Adam nodded. He looked wrung out. All that pent-up energy that had always illuminated him had vani
shed. “That’s an understatement.”
“Well, life’s full of surprises for most of us.”
“Okay, I lied, Nevil. I lied by omission.”
“It’s a bit more than that. Isn’t it?”
“Would you be amused if I told you I found out about the Locust the hard way too?”
“Not really.”
“My wife Elain. Well, you know all about Elain. I thought I did too, right up to the day she went missing.” Adam raked his fingertips through his beard as if he was tidying himself up before a meeting. “I was frantic. I knew something was wrong. And while the police were looking for a body in the river—I told them she’d never do anything stupid like that—I went through her study, just in case. Never went in there, usually. Private space. And I found it—her journal. She’d gone into the Hollow regularly to look for specimens, those damn rock shrews with the extra vestigial legs, and she found the Locust instead. Never told me. Then one day she went down there to make contact with them and never came back. You know the rest.”
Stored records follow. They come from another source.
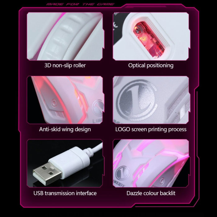 Die optische Gaming-Maus liegt bequem in der Hand und verfügt über strukturierte Seitengriffe und eine weiche Oberfläche für das ultimative Look-and-Feel. Die Maus hat eine schöne RGB-Beleuchtung mit einem sehr technologischen Design für diesen schönen Sci-Fi-Effekt.
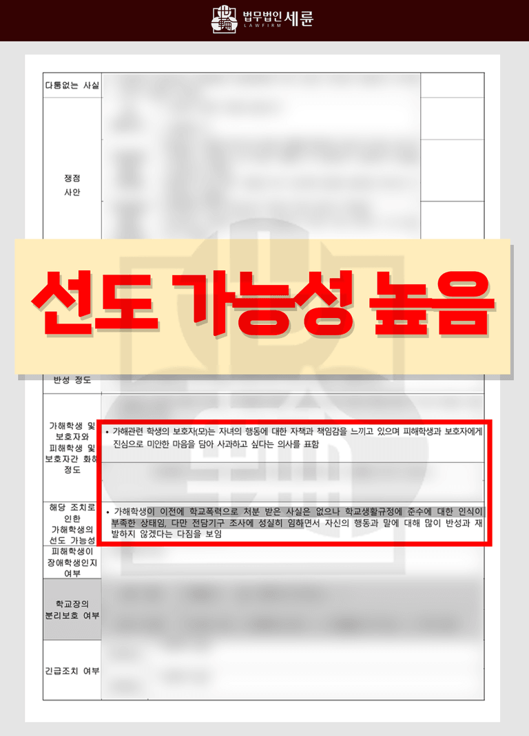 해당 사례의 사안이 꽤 심각해보였음에도 가해학생은 교내봉사와 접근금지 조치를 받고 사건이 마무리 되었습니다. 심의위원들은 우선 가해학생이 이전에 학교폭력으로 처분 받은 전력이 없다는 점을 확인했습니다. 그 사실은 즉슨 가해학생이 자신의 잘못된 행위를 깨우친다면 재발 방지 가능성이 있다는 것이죠. 또한 가해학생은 ▲전담기구 조사에서 성실한 자세로 임했고, ▲피해자에게 사과하고 반성하면서 ▲자신의 잘못을 되풀이 하지 않겠다는 확고한 다짐까지 보였습니다.
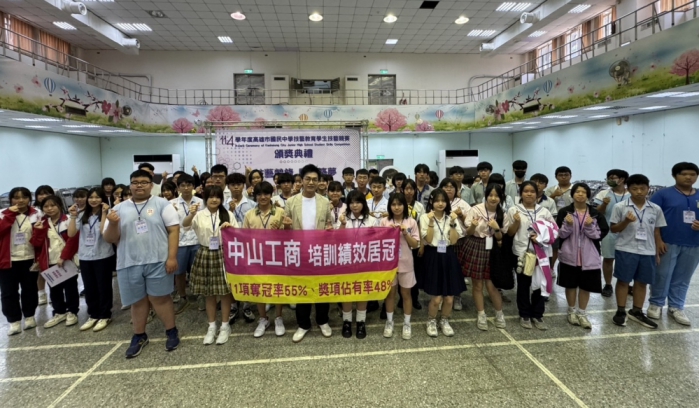 【記者陳信銘/高雄報導】中山工商培訓的國中技藝教育學生參加「114學年度高雄市國中技藝教育學生技藝競賽」,橫掃11個主題冠軍,中餐廚藝製作組更是囊括1至11名佳績,技驚全場。李昱平校長表示,該校培訓20個主題,奪冠率逾5成,獎項佔有率達4成8,整體表現傲視群倫。
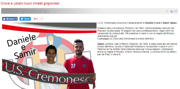 "L'U.S. Cremonese comunica il tesseramento di Daniele Croce e Samir Ujkani. Croce è nato a Giulianova (Teramo), nel 1982. Centrocampista cresciuto nel Pescara, ha...
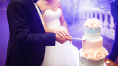 Zdjęcie "Szczęśliwa panna młoda i pan młody kroją swój stylowy tort weselny na bankiecie weselnym. Nowożeńcy trzymający nóż i krojący tort weselny ozdobiony kwiatami. Słodkie ciasto dla pary." może być wykorzystywane do celów osobistych i komercyjnych zgodnie z warunkami zakupionej licencji Royalty-free. Obraz jest dostępny do pobrania w jakości wysokiej rozdzielczości do 5760x3840.
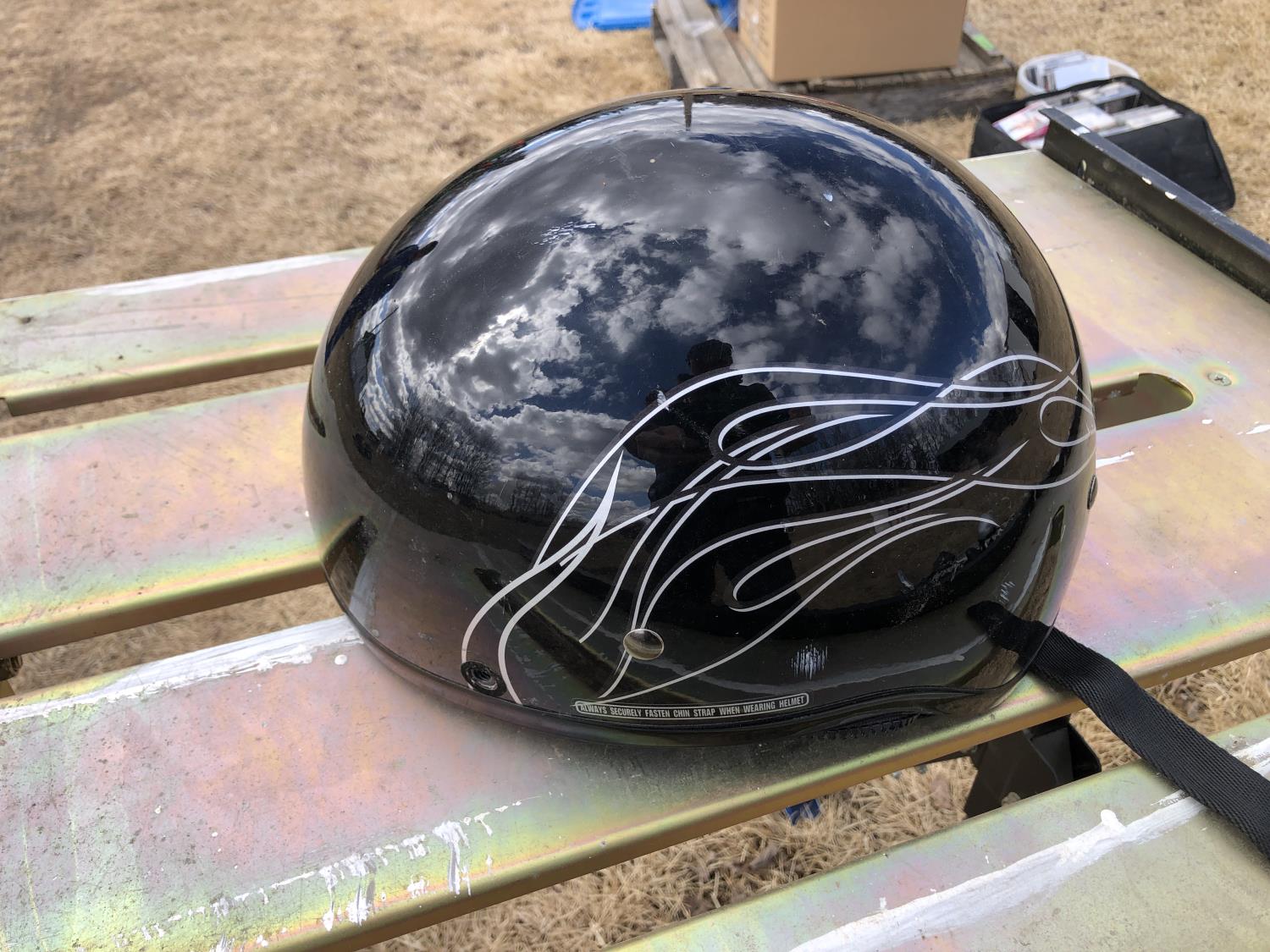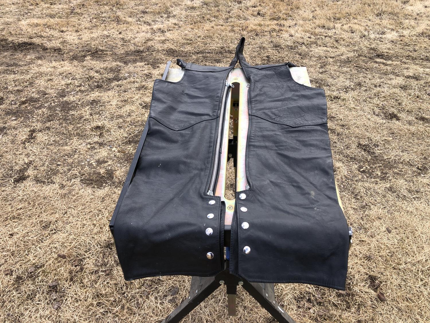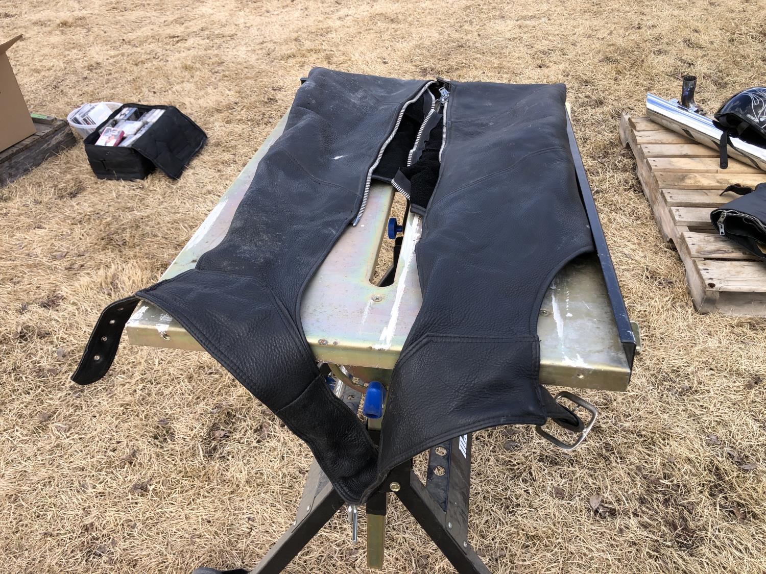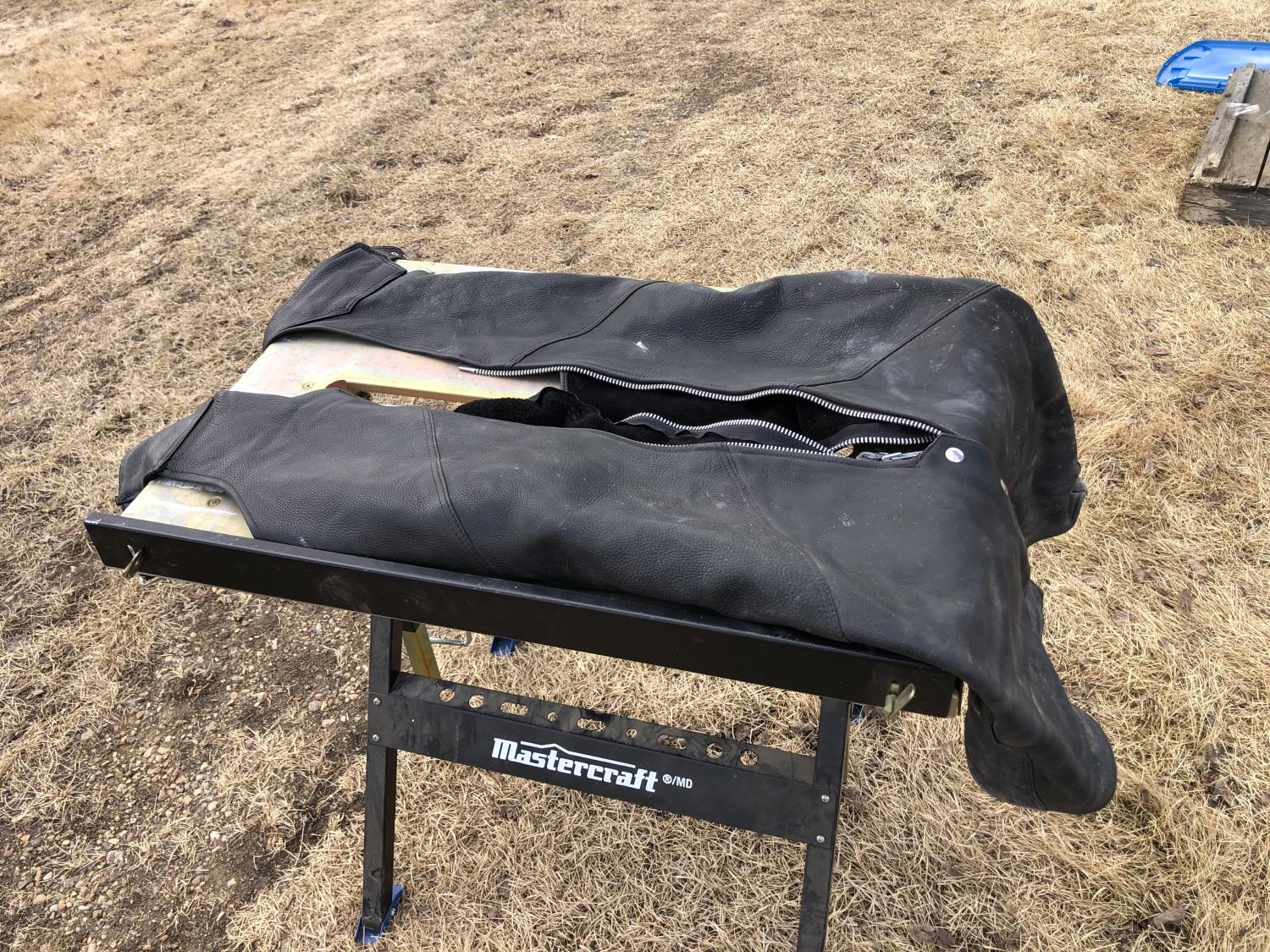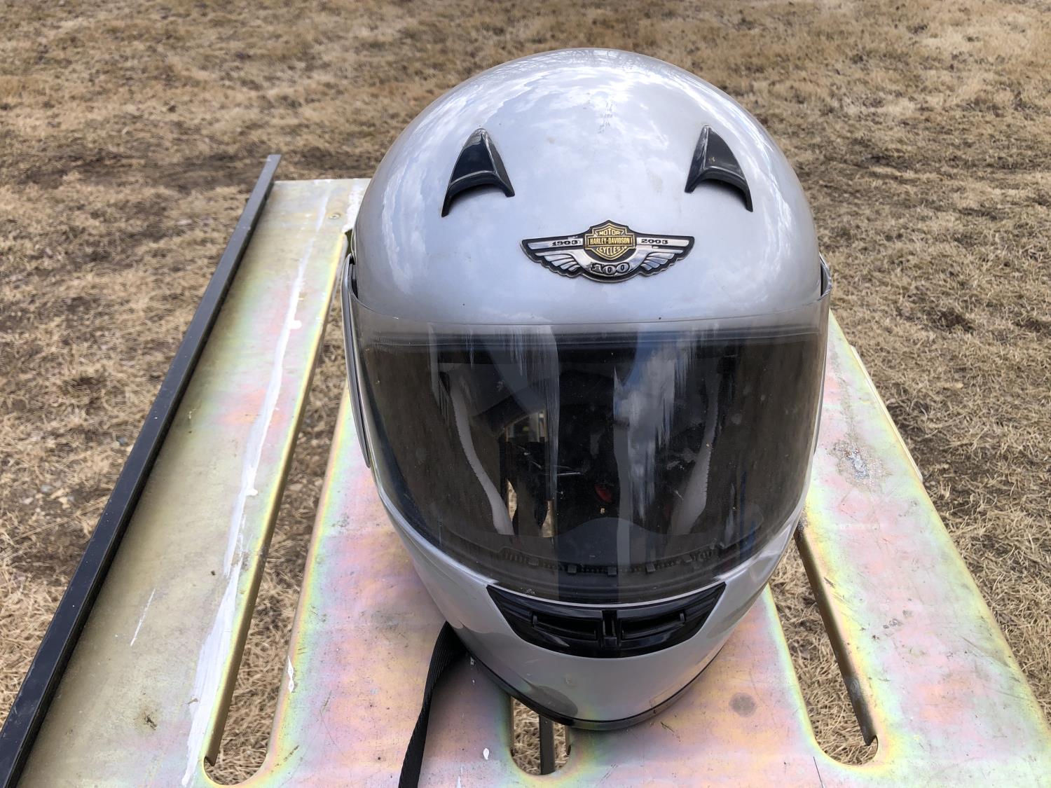 complete exhaust system for 2005 Electra Glide Harley Davidson with 35,000 km on it, HD full face helmet, (3) leather chaps, open face Harley Davidson helmet, miscellaneous motorcycle parts
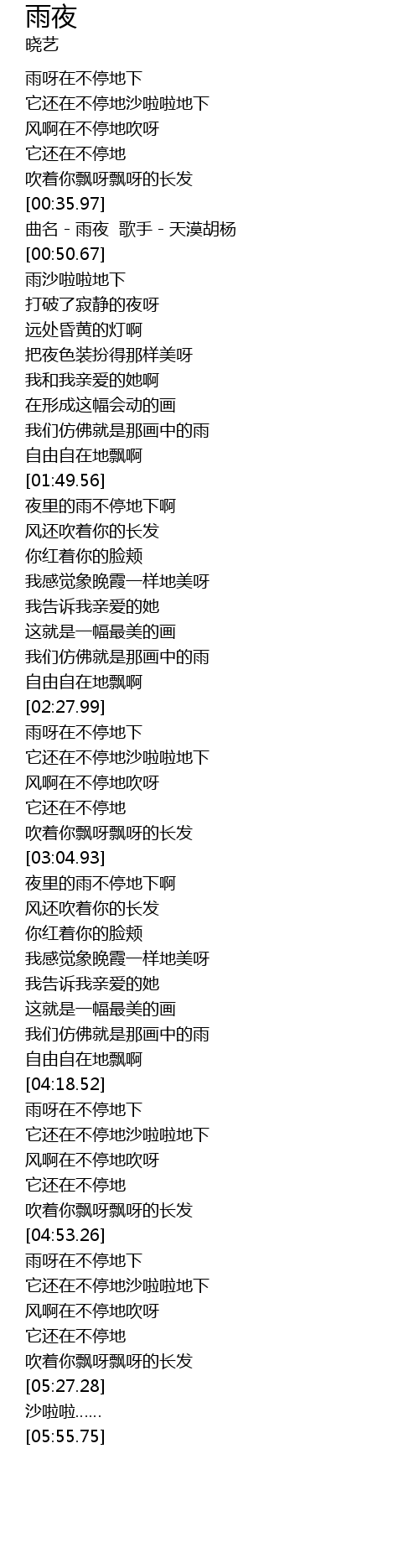 | [00:40.39] | 曲名-雨夜 歌手-天漠胡杨 |
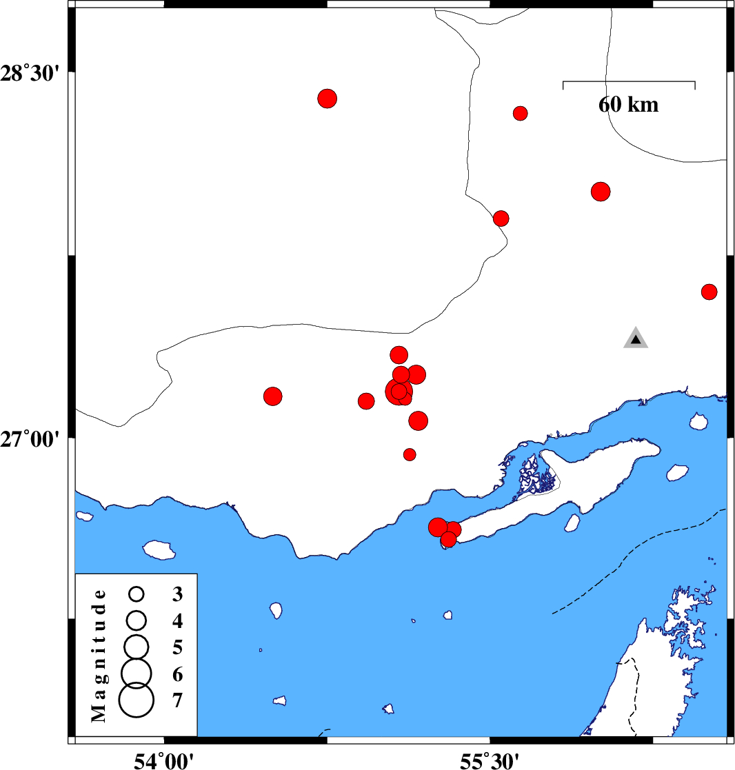 2019/10/18 04:09:38.8 07:39:38.8 26.6355.2614 ML4 Persian Gulf, 42 km North-East of Bandar-e lengeh
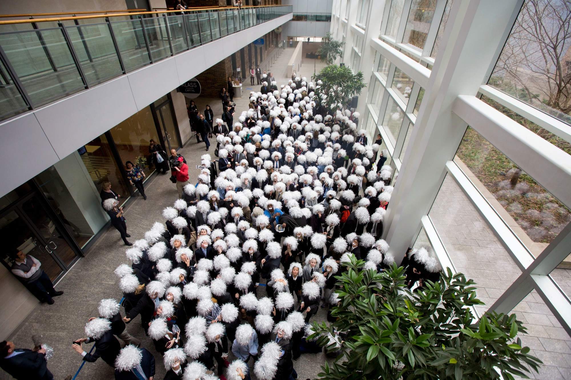 A Guinness World Record for the largest gathering of Albert Einstein lookalikes was set in Toronto on March 28. A total of 404 Einsteins got together, beating last year's record of 303. /CFP Photo
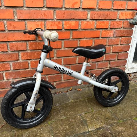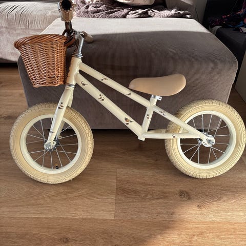 løbecykel med 12" hjul i grøn farve. Cyklen har lav indstigning, polstret saddel og styr med håndtag, som giver barnet mulighed for at øve balance og koordination. Velegnet som første cykel til mindre børn, før de skifter til almindelig cykel med pedaler.
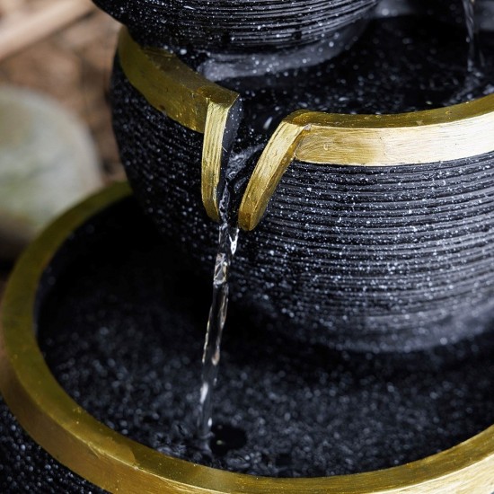 Компактный трёхъярусный фонтан с чёрной отделкой и золотыми краями подходит для сада, террасы или балкона.
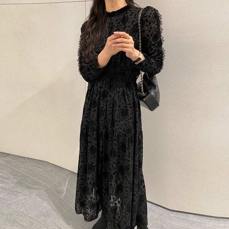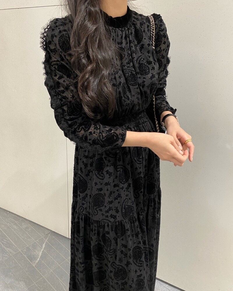 オータムスタンダードラウンドネックレースFlowerデザイン ウェスト薄手ドレス ロング レトロ 秋物 Oネック フラワーデザイン 7/20 mi4681643988143
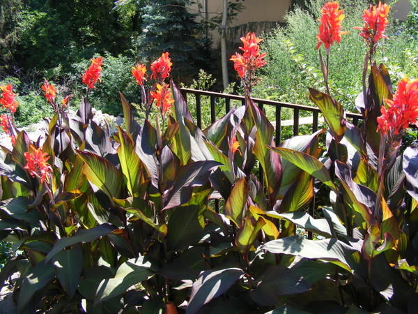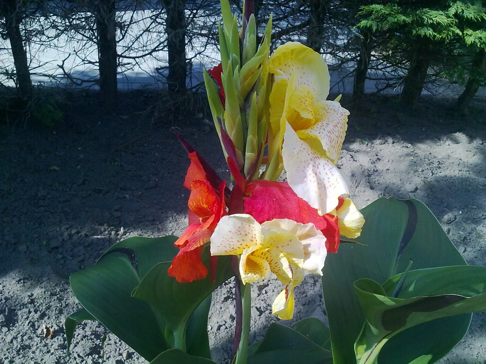 die heb ik door drieen gedaan en die heb ik eind april in tuin geplant en nu bloeien ze vollop ik heb nog nooit zulke grote bloeme gezien bij canna maar wat ik nog het mooist vind is dat hij bont is ene bloem geel ander oranje-rood hier paar fotos mischien weten julie welke soort dit is?

Maybe he was looking for absolution. Nevil didn’t have an answer, let alone a sensible question. He simply let another little bombshell leave his head rattling. Elain Fenix had kept a whole species secret even from her old man: did the whole world behave that way and he simply hadn’t noticed? It was hard to know where to start on any given day now.
“So she lied to you, and you lied to me and everyone else, and Prescott—well, he inherited a lie and decided to keep it too.” Nevil tried to separate his sense of personal betrayal from the global implications, but decided the personal scale was the only thing he could handle right now. A couple of men carrying briefcases slowed down to look Adam’s way. He was still a celebrity in these circles. “Am I the only idiot who told the truth?”
“No.” Adam shook his head. “You and Hoffman. He’s as straight as a die. Not an easy man to work with, but he’d have handled this very differently. Which is why he’s been kept in the dark too. We reward the liars, you see.”